Minnesotans’ belief in their and their state’s excellence is so ingrained, we archive it. The Legislative Reference Library in St. Paul maintains three-ringed binders called “MINNESOTA PRAISE,” each bursting with positive news clippings, optimistic research, and rosy miscellany.
Take the 1976 Minneapolis Star survey of nearly 600 residents, described as a “gregarious and neighborly population” who gave upbeat answers about many topics—“most say area is above average in sports”—and determined that life in these parts is better than anywhere this side of St. Peter’s gate.
We’re generous, active, and sophisticated. Just ask us!
Let’s not let “MINNESOTA PRAISE” gather dust. Let us coin mottos, in the Midwestern tradition of Garrison Keillor and assorted ad agencies. We shall weld insecurity, modesty, and ego into pithy wordplay, and our greatness shall, in time, be widely known.
Claim: According to a 2004 St. Cloud Times story touting the region’s unique and superior qualities, “St. Cloud is the world’s largest freezer producer,” Tenvoorde Ford (est. 1901) is the oldest family-owned Ford dealership, and Grede Foundries maintained a “far higher safety rating than U.S. foundries in general... based on federal data.”
Motto: “Visit St. Cloud, where the peas never thaw, the Ford dealer inherited the lot from his dad, and men with large backs are significantly less likely to drop half-shapen sewer grates on their feet.”
Claim: In 2002, the Twin Cities was ranked as the No. 1 worldwide hub for the “knowledge economy,” according to Welsh consulting firm Robert Huggins Associates.
Motto: “Move to Minneapolis-St. Paul! We promise we won’t use the phrase ‘knowledge economy’ more than three times during happy hour.”
Claim: Only Florida has more water skis per person than Minnesota.
Motto: “Waterski Minnesota, where, unlike Florida, we’re not using our water skis to seal off a closet door containing a rabid bat or ex-husband.”
Claim: In 2003, Woodbury was described as the “most desirable place of its size to live in the central United States.”
Motto: “Woodbury: If you’ll swallow that many qualifiers just to argue we’re ‘desirable,’ you already live here.”
Claim: Crookston purports to be the proud home of the “world’s largest oxcart.”
Motto: “Do commerce in Crookston! Unless you’re a giant ox. In that case, run like hell.”
Claim: In 1991, Minnesota was labeled one of the best destinations to relocate an international business, thanks in part to praise from Soviet leader Mikhail Gorbachev.

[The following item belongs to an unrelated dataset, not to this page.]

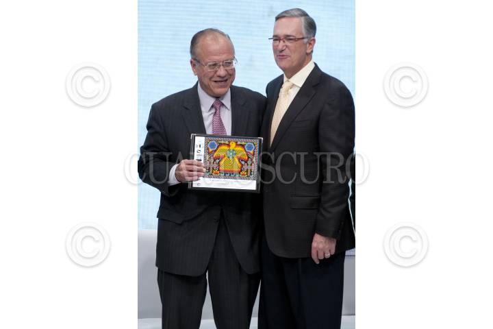 MÉXICO, D.F., 25NOVIEMBRE2011.- El alcalde de Ciudad Juárez, Chihuahua, Héctor Murguía Lardizábal recibió un reconocimiento del proyecto "Limpiemos Nuestro México" que lanzó , Grupo Salinas, Fundación Azteca y la Secretaria del Medio Ambiente y Recursos Naturales, la mañana de hoy y que destaca el apoyo recibido por el Alcalde durante la formación de brigadas de limpieza en el municipio norteño. FOTO: FRANCISCO RODRÍGUEZ/CUARTOSCURO.COM

Motto: “Minnesota: We’re also so passive-aggressive we won’t mention your birthmark until after you leave the room.”
Claim: Madison, Minnesota, says it’s the nation’s “lutefisk capital,” citing its annual Stinker Days celebration.
Motto: “Move to Madison, where the smell of your breath will deter every human encounter.”
Claim: Longville is the “turtle racing capital” of America.
Motto: “Life in Longville is so comfortable, even the reptiles have a surplus of free time.”
Claim: In 2000, the U.S. Census Bureau labeled Minnesota the “minivan capital of the United States.”
Motto: “Minnesota: You chuckle, but the screaming kids in this Windstar means someone agreed to have sex with me more than once!”
Claim: In 2013, Movoto.com called Minneapolis the number-one city in the country “where you might be eaten by a dragon.”
Motto: “Minnneapolis: PLEASE COME HERE IMMEDIATELY AND SAVE US FROM THESE DRAGONS THEY ARE FUCKING TERRIF— [gets eaten by dragon.]”
Claim: In 2000, Techies.com said Minneapolis-St. Paul is the fourth most-affordable city for internet and tech workers, behind only Austin, Dallas, and Houston.
Motto: “Would you really want to live in a state that seceded from Mexico and the United States, and elected Ted Cruz?”
Claim: In the mid-2000s, Minnneapolis’ U.S. Bank held more mortgage loans than any other American bank.
Motto: “Minneapolis: The only place where your neighbor doesn’t just wanna screw you. He insists on it.”
Claim: In 2007, a study confirmed the Twin Cities has the highest percentage of 16-and-up residents who’d done at least some volunteering the previous year.
Motto: “And that doesn’t even include the many of us who volunteer their time phone banking to tell all their friends how great it is to live here, especially compared to Wisconsin. I mean, can you even imagine? Anyway, the point is, TELL ME I’M GOOD ENOUGH!”